# Cheap backcountry boots?



## Sporksrule (Jan 7, 2004)

*backcountry boots*

Hey...  

I found a few sites and places that have better deals on backcountry boots..still not cheap

http://www.sierratradingpost.com/product.asp?base_no=64246

http://outdoor-apparel-gear.1.best-buy-cheap-gear.com/?itemIDprev=1&items=11

http://www.epinions.com/otdr-Winter...att__~1/sort_~title/pp_~1/sort_dir_~asc/pa_~1


----------



## Chris Webster (Oct 30, 2003)

I thought I some last years Lasers on sale at Neptune's last week for about $250, not sure about sizes....

--Chris


----------



## cosurfgod (Oct 10, 2003)

I have a pair of Scarpa T1 size 10 for sale for $100. I am in Durango but I will ship for free.
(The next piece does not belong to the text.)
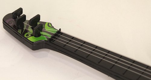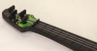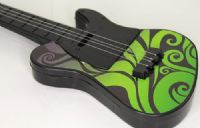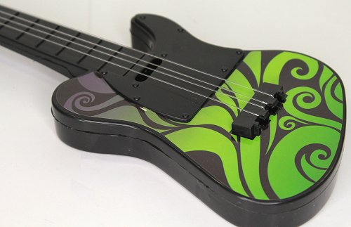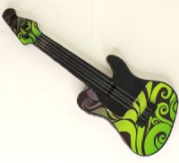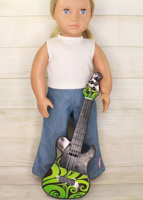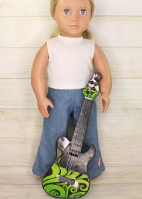 Plastic guitar with electric style and green on the front.The guitar is suitable for 14 to 18 inch dolls.
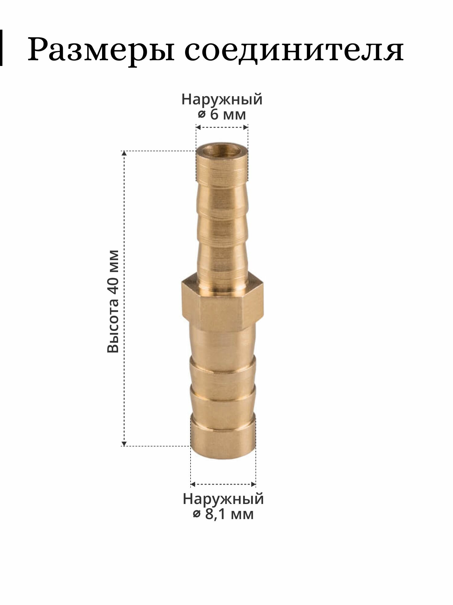| Подробная комплектация | Латунный соединитель «ёлочка» для шлангов прямой, 6-8 мм (10 шт.) |

They have been used but are cheap and still good. Give me a call or e-mail if you are interested.

[email protected]
970-749-1789


----------



## Alek (Oct 23, 2003)

*Thanks Sporksrule!*

Thanks for the links Sporksrule! I will look into it.

I went to Neptune's but they only have men's 5s...

BTW, I am looking for AT boots, not tele


----------